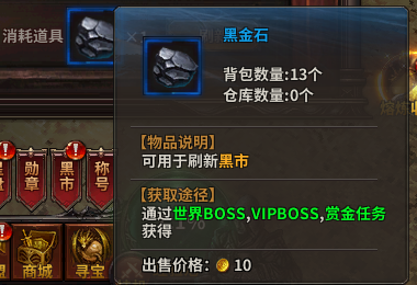 黑市中的商品是可以刷新的,如果对当前黑市中的商品不满意,可以通过点击右下角的刷新按钮,通过消耗黑金石来刷新当前黑市中的全部商品。黑金石可以通过击杀VIP BOSS和世界BOSS、以及赏金任务来获得。玩家可以通过反复刷新和购买卓越装备宝箱以及各种宝石来飞快的提升战斗力。
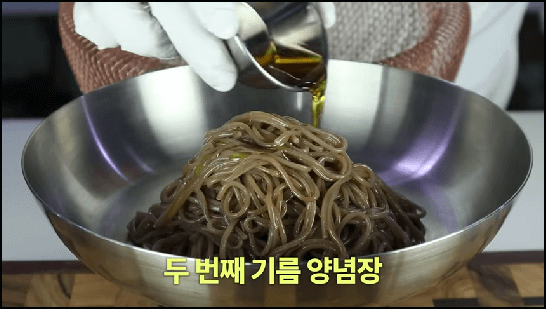 [출처 : 유튜브 요리왕비룡, 들기름 막국수 레시피, 들기름 막국수 만들기]
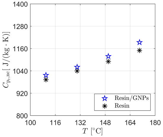 Numerical determination of specific heat in resin/GNPs (0.2 wt.%) and “neat” resin during LCM process: Enhancements in the specific heat (higher) are observed with the additions of GNPs to the thermoset polymer.
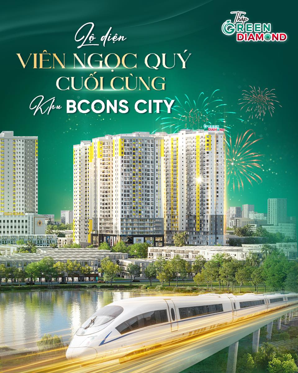 Bcons City – Green Diamond: là khu phức hợp căn hộ kết hợp tiện ích cao cấp trên đường Thống Nhất, Thành phố Dĩ An (nay là Phường Đông Hoà, Thành phố Hồ Chí Minh) do Tập đoàn Bcons làm chủ đầu tư. Dự án chung cư Bcons City có quy mô gần 5ha, cung cấp 3900 căn hộ, nhà phố kết hợp hệ tiện ích cao cấp nhất khu vực gồm trường quốc tế, trung tâm thương mại, nhà hàng khách sạn 4 sao,…. Vị thế đắc địa chỉ cách tuyến Metro 5 phút xe đạp, do đó dự án đang là lựa chọn an cư tốt nhất cho khách hàng đang làm việc tại TP.HCM.
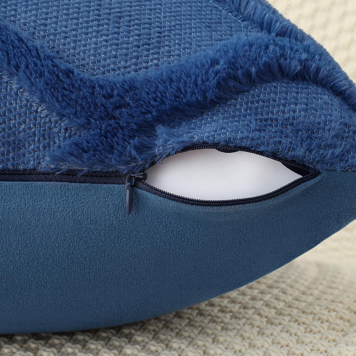 decorUhome Throw Pillow Covers 12x20 Inch Set of 2, Soft Plush Faux Fur Wool Lumbar Dark Blue Couch Pillow Covers, Decorative Neutral Pillow Cases for Bed Sofa Living Room Home Decor
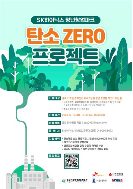 [사진=SK하이닉스 청년창업파크 탄소 ZERO 프로젝트 모집 포스터, 제공 : 서원대학교]>
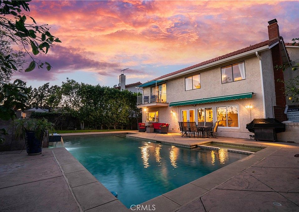 Searching for a Porter Ranch pool home with flexible living space and scenic rooftop views? This well-maintained Porter Ranch home for sale offers a functional layout, recent key updates, and the lifestyle that makes living in Porter Ranch so appealing. The home features 4 bedrooms plus a large bonus/game room, providing versatility for today’s needs. A dramatic entry with vaulted ceilings opens to bright living areas filled with natural light, complemented by hardwood flooring that adds warmth and character throughout the main spaces. The kitchen and family room flow together comfortably, creating a welcoming hub for daily living and casual entertaining. Sliding doors lead to the backyard, where you’ll find a private pool and spa, surrounded by mature landscaping—an ideal setting for relaxing, hosting friends, or enjoying Southern California evenings at home.
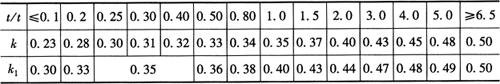 图6-69 圆弧和折角弯板的中性层展开 a.中性层确定 b.展开长度计算 c.折角弯板展开 板料弯曲中性层的位置(图6-69a),与其相对弯曲半径r/t有关,当r/t>5时,中性层位于板厚的1/2处,即板的中心层就是板的中性层,中性层半径R=r+0.5t;当r/t≤5时,中性层位置将向弯曲中心移动,则中性层半径R由下式计算: R=r+kt 式中 R——中性层半径(mm); r——弯板内弧半径(mm); t——板料厚度(mm); k——中性层位置系数,如表6-4所示。 表6-4 中性层位置系数k、k1值
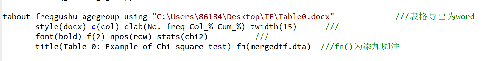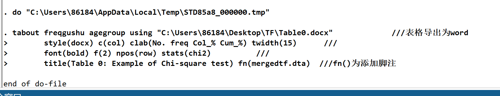 但是在dofile中,点击如下代码运行,在结果部分显示没有报错,但导出的word表格却在对应的文件目录下找不到。下图为dofile文件中程序:
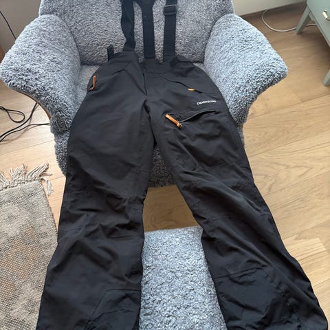 Haglöfs Junior skibukse i svart farge, størrelse 152. Buksen er utstyrt med seler og laget for barn.

-=-=-=-=-

→ Problem
Print each line of the listing exactly and include no pictures.

→ Solved problem
 黑市中的商品是可以刷新的,如果对当前黑市中的商品不满意,可以通过点击右下角的刷新按钮,通过消耗黑金石来刷新当前黑市中的全部商品。黑金石可以通过击杀VIP BOSS和世界BOSS、以及赏金任务来获得。玩家可以通过反复刷新和购买卓越装备宝箱以及各种宝石来飞快的提升战斗力。
 [출처 : 유튜브 요리왕비룡, 들기름 막국수 레시피, 들기름 막국수 만들기]
 Numerical determination of specific heat in resin/GNPs (0.2 wt.%) and “neat” resin during LCM process: Enhancements in the specific heat (higher) are observed with the additions of GNPs to the thermoset polymer.
 Bcons City – Green Diamond: là khu phức hợp căn hộ kết hợp tiện ích cao cấp trên đường Thống Nhất, Thành phố Dĩ An (nay là Phường Đông Hoà, Thành phố Hồ Chí Minh) do Tập đoàn Bcons làm chủ đầu tư. Dự án chung cư Bcons City có quy mô gần 5ha, cung cấp 3900 căn hộ, nhà phố kết hợp hệ tiện ích cao cấp nhất khu vực gồm trường quốc tế, trung tâm thương mại, nhà hàng khách sạn 4 sao,…. Vị thế đắc địa chỉ cách tuyến Metro 5 phút xe đạp, do đó dự án đang là lựa chọn an cư tốt nhất cho khách hàng đang làm việc tại TP.HCM.
 decorUhome Throw Pillow Covers 12x20 Inch Set of 2, Soft Plush Faux Fur Wool Lumbar Dark Blue Couch Pillow Covers, Decorative Neutral Pillow Cases for Bed Sofa Living Room Home Decor
 [사진=SK하이닉스 청년창업파크 탄소 ZERO 프로젝트 모집 포스터, 제공 : 서원대학교]>
 Searching for a Porter Ranch pool home with flexible living space and scenic rooftop views? This well-maintained Porter Ranch home for sale offers a functional layout, recent key updates, and the lifestyle that makes living in Porter Ranch so appealing. The home features 4 bedrooms plus a large bonus/game room, providing versatility for today’s needs. A dramatic entry with vaulted ceilings opens to bright living areas filled with natural light, complemented by hardwood flooring that adds warmth and character throughout the main spaces. The kitchen and family room flow together comfortably, creating a welcoming hub for daily living and casual entertaining. Sliding doors lead to the backyard, where you’ll find a private pool and spa, surrounded by mature landscaping—an ideal setting for relaxing, hosting friends, or enjoying Southern California evenings at home.
 图6-69 圆弧和折角弯板的中性层展开 a.中性层确定 b.展开长度计算 c.折角弯板展开 板料弯曲中性层的位置(图6-69a),与其相对弯曲半径r/t有关,当r/t>5时,中性层位于板厚的1/2处,即板的中心层就是板的中性层,中性层半径R=r+0.5t;当r/t≤5时,中性层位置将向弯曲中心移动,则中性层半径R由下式计算: R=r+kt 式中 R——中性层半径(mm); r——弯板内弧半径(mm); t——板料厚度(mm); k——中性层位置系数,如表6-4所示。 表6-4 中性层位置系数k、k1值
 但是在dofile中,点击如下代码运行,在结果部分显示没有报错,但导出的word表格却在对应的文件目录下找不到。下图为dofile文件中程序:
 Haglöfs Junior skibukse i svart farge, størrelse 152. Buksen er utstyrt med seler og laget for barn.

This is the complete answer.